Will Changes Be Enough?

Ridership is increasing on Brightline, and the railroad’s losses are diminishing. Still, the question remains of whether the new changes will generate enough additional riders who will contribute enough additional revenue to fill the gap.

Brightline’s fares are high; several times those on Tri-Rail, which is a conventional regional rail service (see map below). The base fare on Tri-Rail between Miami and West Palm Beach is $8.75, with a 12-trip fare for $90.00, monthly commuting for $120.00, and a $4.25 fare for seniors and persons with disabilities. Tri-Rail offers service from the same Miami Central station that Brightline built and uses, although they use separate platforms with separate entrances from the street. The West Palm Beach stations for the two railroads are located within walking distance of each other, but the lines diverge between the two endpoints. The services are different, too. While both run hourly with a few extra trains to make a “commuting peak” service, Brightline offers a level of luxury (including on-board food and drink, as well as a “Premium” class) that Tri-Rail does not. It also operates on a significantly faster schedule (71 or 76 minutes between Miami Central and West Palm Beach, as opposed to two hours flat with a transfer at the Metrorail Transfer station on Tri-Rail, with one faster train). Fares have changed twice on Brightline’s South Florida segment lately, and the question is whether Brightline can attract an optimal number of riders to maximize the revenue it needs to pay its bills and satisfy its investors.

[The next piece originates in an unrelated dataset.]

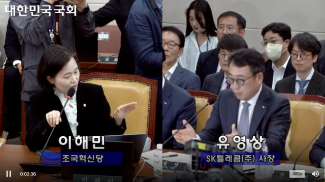 이해민 조국혁신당 의원이 30일 과학기술정보방송통신위원회 방송통신 분야 청문회에서 유심(USIM) 해킹 사태와 관련해 "주말부터 SKT 가입자들은 해외여행을 어떻게 가겠느냐. (해킹 사태로 인해) 불편 겪는 고객 없도록 해야 한다"고 지적한 데 따른 답변이다.
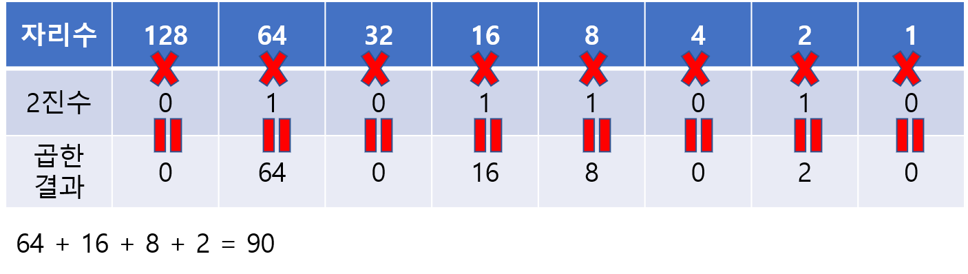 2진수 0101 1010(2)은 10진수 90이 됩니다.( 검산은 10진수를다시 2진수로 바꿔 보면 됩

That would require making a profit, which is necessary for private-sector organizations.

(Courtesy of Tri-Rail)

One of the uses for Brightline’s money is paying for the new cars that are now being delivered and that will allow the railroad to run longer consists. However, longer trains have room for more riders, so Brightline can’t depend on jacking up the fares and depending on potential riders’ demand for seats to be sufficiently price-inelastic to make running trains with shorter consists a strategically useful policy. Amtrak is engaging in that practice on its long-distance trains today, with its shortage of equipment for those trains. We won’t know how well that policy performed for Amtrak (even though we can be sure that prospective passengers who are turned away because the train they wanted to ride is sold out will not like it) until new equipment is delivered and placed into service years from now, if it ever is. That is an experiment that Brightline can’t replicate, and its new equipment order that is now being delivered provides strong evidence that Brightline wants to run longer trains, rather than shorter ones.

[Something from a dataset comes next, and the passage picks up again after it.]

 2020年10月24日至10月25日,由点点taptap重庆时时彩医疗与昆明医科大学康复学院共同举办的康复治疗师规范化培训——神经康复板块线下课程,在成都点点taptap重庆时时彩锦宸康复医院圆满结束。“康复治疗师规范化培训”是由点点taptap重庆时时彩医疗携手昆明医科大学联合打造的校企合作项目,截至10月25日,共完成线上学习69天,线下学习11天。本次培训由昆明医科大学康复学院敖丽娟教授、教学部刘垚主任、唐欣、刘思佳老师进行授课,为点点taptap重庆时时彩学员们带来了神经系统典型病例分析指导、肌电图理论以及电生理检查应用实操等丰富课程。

Still, are there enough riders who are willing to pay several times the fares that Tri-Rail (which is having its own financial problems) charges, to enjoy the more-luxurious and faster ride that Brightline offers? Brightline offers one feature that Tri-Rail can’t duplicate: convenience to downtown areas. Brightline runs on the FEC, which was the first railroad in South Florida. Tri-Rail runs on the old Seaboard line, which is several miles inland from the town centers. Brightline is an experiment in railroading today: a private-sector passenger railroad. Will its innovations pull it out of its financial hole and bring it to profitability? It seems that everybody is rooting for Brightline, but time will tell.

We reached out to Brightline for comments concerning this story but, at this writing, we have not heard from Brightline. If we do, we will update this story to report what Brightline had to say.